FRIDAY, Sept. 5 (Health.com) — Women with dense breasts who undergo a new type of breast cancer screening have fewer false alarms and a greater likelihood of tumor detection than they would with a mammogram, according to a study presented this week at an American Society of Clinical Oncology conference in Washington, D.C.
However, the test—called molecular breast imaging or MBI—is unlikely to be an option at annual cancer screenings in the near future. Because the test involves exposure to radiation and needs additional study, it might be more useful to women who are candidates for magnetic resonance imaging (MRI), which is generally reserved for those with a high risk of breast cancer.
MRIs don't involve any radiation exposure, but mammograms, which are a type of X-ray, do involve a small amount of radiation. MBIs expose women to more radiation than a mammogram.
During an MBI, a radioactive tracer is injected into the body and "lights up" cancerous cells in the breast when viewed through a special camera.
“The 8- to 10-fold increase in radiation is a concern,” Debbie Saslow, PhD, director of breast and gynecologic cancer at the American Cancer Society, says of the new screening method. “The women most likely to have dense breasts are younger women, whose breasts are more susceptible to the harms of radiation.”
And Julia A. Smith, MD, PhD, a clinical assistant professor at New York University School of Medicine, asks, “What does this add? We [already] know that mammograms are of decreased efficacy in women who are high risk either because of genetics, family history, other breast disease, or breast density.”
She points out that these particular women are now being given MRIs, not mammograms, to interpret their hard-to-read tissue. “So it would be important to know how MBIs compare [to magnetic resonance imaging].”
The new findings suggest that MBIs might be less stressful than mammograms because of the lower likelihood of a false positive, a test result that seems suspicious but turns out to be nothing.
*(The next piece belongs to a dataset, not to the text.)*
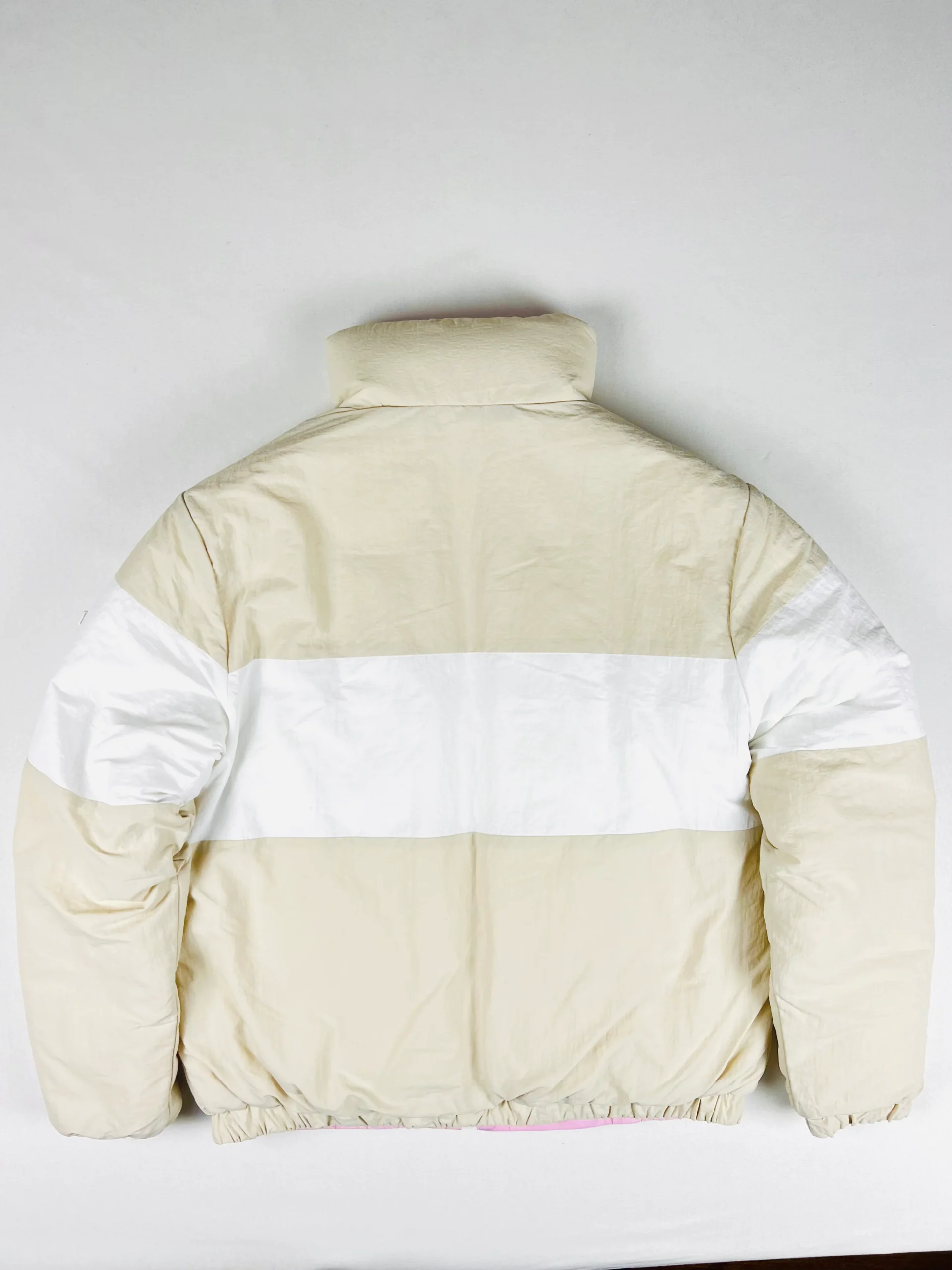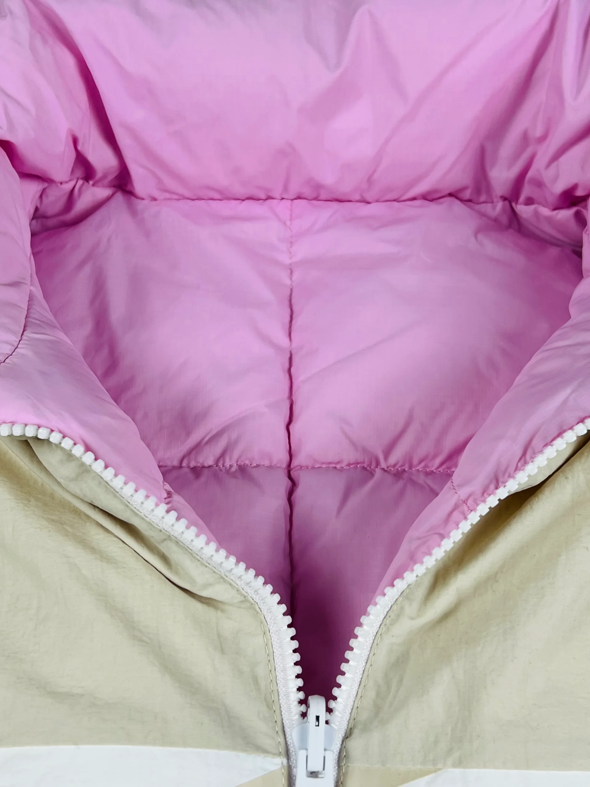 Un manteau réversible, offrant un côté beige ou rose selon vos préférences, dans le modèle emblématique puffer de la marque.

The researchers from the Mayo Clinic in Rochester, Minn., reported that mammograms led to false alarms in 9% of the patients involved in the study but in only 7% of the patients who had an MBI (the radioactive tracer occasionally binds to noncancerous tissue too).
Fewer false positives might mean cheaper medical bills because women could skip unnecessary biopsies and other tests to rule out cancer. MBIs, which cost less than $500, according to the Associated Press, are still more expensive than mammograms, though.
They do, however, cost less than MRIs, which can be more than $1,000. But without direct MBI-MRI comparisons on safety and sensitivity, it’s hard to tell how important monetary cost will be. (Results from one of the first studies putting MBI and MRI head-to-head were also presented this week in Washington.)
Then there’s the matter of MBIs and their radioactive tracers; some women are allergic to such agents. “It’s a small risk,” says Saslow, “but it’s something that makes it more complicated than a mammogram.”
For now, says Dr. Smith, mammograms, MRIs, and ultrasound are still your best bets for screening high-density breasts. “By no means should MBI be a standard of care right now,” she says. “No one should be experimenting. We don’t know what the down side is yet.”